§ **What the task asks**: In the listing below, locate the line containing "行政長官李家超在禮賓府與訪港的新加坡總理兼財長黃循財會面。" and copy it and every line after it through the end, exactly as written, leaving out any pictures.

§ **Supplied information**:
______________________________
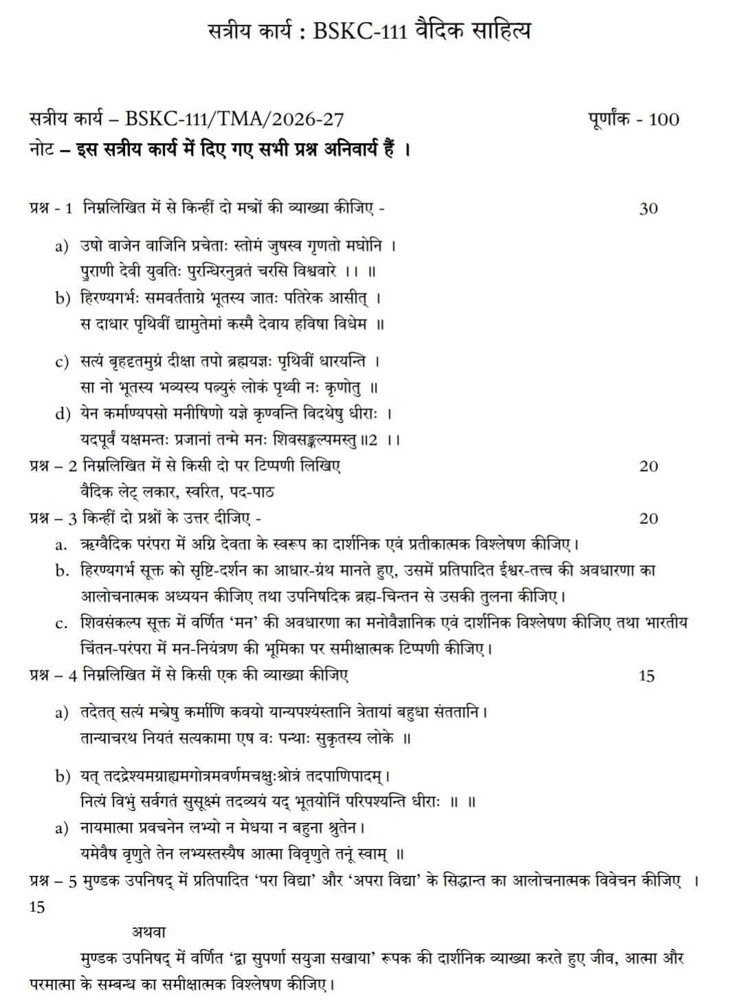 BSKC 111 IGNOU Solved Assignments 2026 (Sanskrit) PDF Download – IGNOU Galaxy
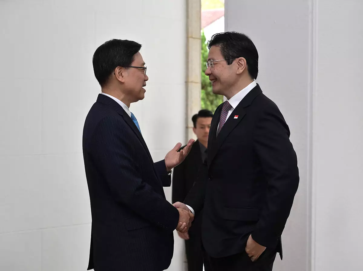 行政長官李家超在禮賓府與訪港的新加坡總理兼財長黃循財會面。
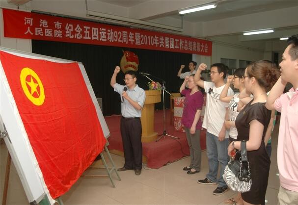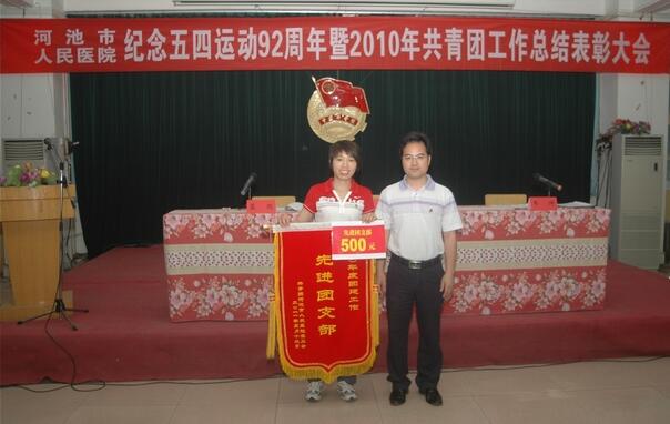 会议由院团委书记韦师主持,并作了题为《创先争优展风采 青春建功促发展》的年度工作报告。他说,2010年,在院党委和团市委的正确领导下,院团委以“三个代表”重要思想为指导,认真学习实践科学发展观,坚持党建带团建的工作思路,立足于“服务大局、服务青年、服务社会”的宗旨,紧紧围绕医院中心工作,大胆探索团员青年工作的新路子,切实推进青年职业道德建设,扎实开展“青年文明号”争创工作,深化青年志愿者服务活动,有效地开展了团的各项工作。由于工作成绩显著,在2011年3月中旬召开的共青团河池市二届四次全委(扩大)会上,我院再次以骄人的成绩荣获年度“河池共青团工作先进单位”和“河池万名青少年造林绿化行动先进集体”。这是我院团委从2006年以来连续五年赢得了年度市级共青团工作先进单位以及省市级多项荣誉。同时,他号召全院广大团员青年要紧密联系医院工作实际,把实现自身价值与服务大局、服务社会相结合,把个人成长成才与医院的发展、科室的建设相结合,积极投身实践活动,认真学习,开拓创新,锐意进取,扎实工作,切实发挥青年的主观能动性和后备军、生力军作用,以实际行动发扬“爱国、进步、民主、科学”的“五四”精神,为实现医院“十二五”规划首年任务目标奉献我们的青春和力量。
______________________________
§ **Solution to the exercise**:
 行政長官李家超在禮賓府與訪港的新加坡總理兼財長黃循財會面。
 会议由院团委书记韦师主持,并作了题为《创先争优展风采 青春建功促发展》的年度工作报告。他说,2010年,在院党委和团市委的正确领导下,院团委以“三个代表”重要思想为指导,认真学习实践科学发展观,坚持党建带团建的工作思路,立足于“服务大局、服务青年、服务社会”的宗旨,紧紧围绕医院中心工作,大胆探索团员青年工作的新路子,切实推进青年职业道德建设,扎实开展“青年文明号”争创工作,深化青年志愿者服务活动,有效地开展了团的各项工作。由于工作成绩显著,在2011年3月中旬召开的共青团河池市二届四次全委(扩大)会上,我院再次以骄人的成绩荣获年度“河池共青团工作先进单位”和“河池万名青少年造林绿化行动先进集体”。这是我院团委从2006年以来连续五年赢得了年度市级共青团工作先进单位以及省市级多项荣誉。同时,他号召全院广大团员青年要紧密联系医院工作实际,把实现自身价值与服务大局、服务社会相结合,把个人成长成才与医院的发展、科室的建设相结合,积极投身实践活动,认真学习,开拓创新,锐意进取,扎实工作,切实发挥青年的主观能动性和后备军、生力军作用,以实际行动发扬“爱国、进步、民主、科学”的“五四”精神,为实现医院“十二五”规划首年任务目标奉献我们的青春和力量。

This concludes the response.